Implementation of drug treatment is the responsibility of the Ministry of Health, while the Ministry of Justice plays a role in the provision of treatment in prisons, but the Ministry of Social Welfare and Family is responsible for social reintegration and aftercare of children and young adults with drug-related problems.

Within the health sector, treatment is delivered through five public specialised Centres for the Treatment of Drug Dependencies, mental outpatient clinics, psychiatric hospitals, and psychiatric wards at university hospitals and general hospitals. Private providers also deliver drug treatment. The distinctive features of the Slovak drug treatment services are close links to mental health services and integration with treatment services for alcohol addiction, which allows mental health issues among drug users and consequences related to polydrug use to be addressed. Inpatient and outpatient drug treatment is funded by public health insurance, while residential care outside the healthcare sector is funded through local or regional budgets, with variable degrees of clients’ co-financing.

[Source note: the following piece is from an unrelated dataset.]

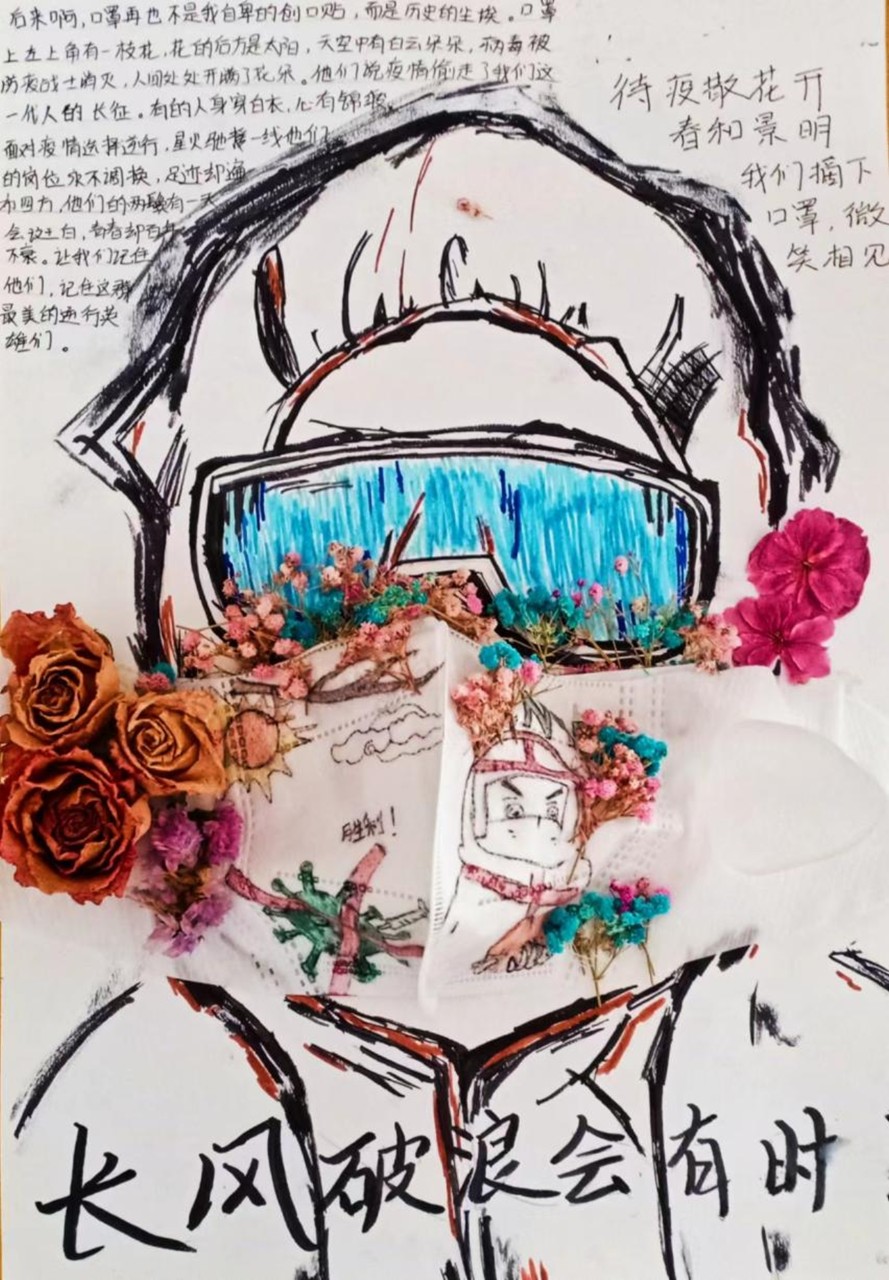 创意说明:在本作品正中间,在两名医护人员与疫情做斗争,保护着身后的人民,画于口罩上的是纪念他们的无私奉献,高飞的海鸥和周围的鲜花象征青少年在花一样的季节,应像花一样开的灿烂,且在成长的路上不畏困难,勇往直前,夏日天最烈代表我们战胜疫情的决心。

Centres for the Treatment of Drug Dependencies are the main providers of all types of specialised drug treatment, while mental outpatient clinics, available nationwide, offer outpatient diagnostic services, detoxification and long-term opioid substitution treatment (OST). In general, there is continuity between these two forms of the treatment, as clients who have initiated their treatment journey in an inpatient facility frequently continue their treatment programmes in outpatient settings. Physicians, psychologists, nurses and psychotherapists provide outpatient treatment as a systematic therapeutic service.

Drug-free treatment can be divided into two stages: detoxification and relapse prevention. Detoxification treatment is available in outpatient and inpatient treatment centres, and as a rule is pharmacologically assisted. Motivational enhancement therapy, cognitive behavioural therapy and structured relapse prevention are the main elements of psychosocial interventions. Residential drug treatment is delivered in inpatient departments, at specialised dependency treatment departments of psychiatric hospitals, and in Centres for the Treatment of Drug Dependencies, which are specialised psychiatric institutes. Aftercare and social reintegration services for people who are drug-dependent are provided by NGOs outside the healthcare sector, in residential facilities or through self-help groups.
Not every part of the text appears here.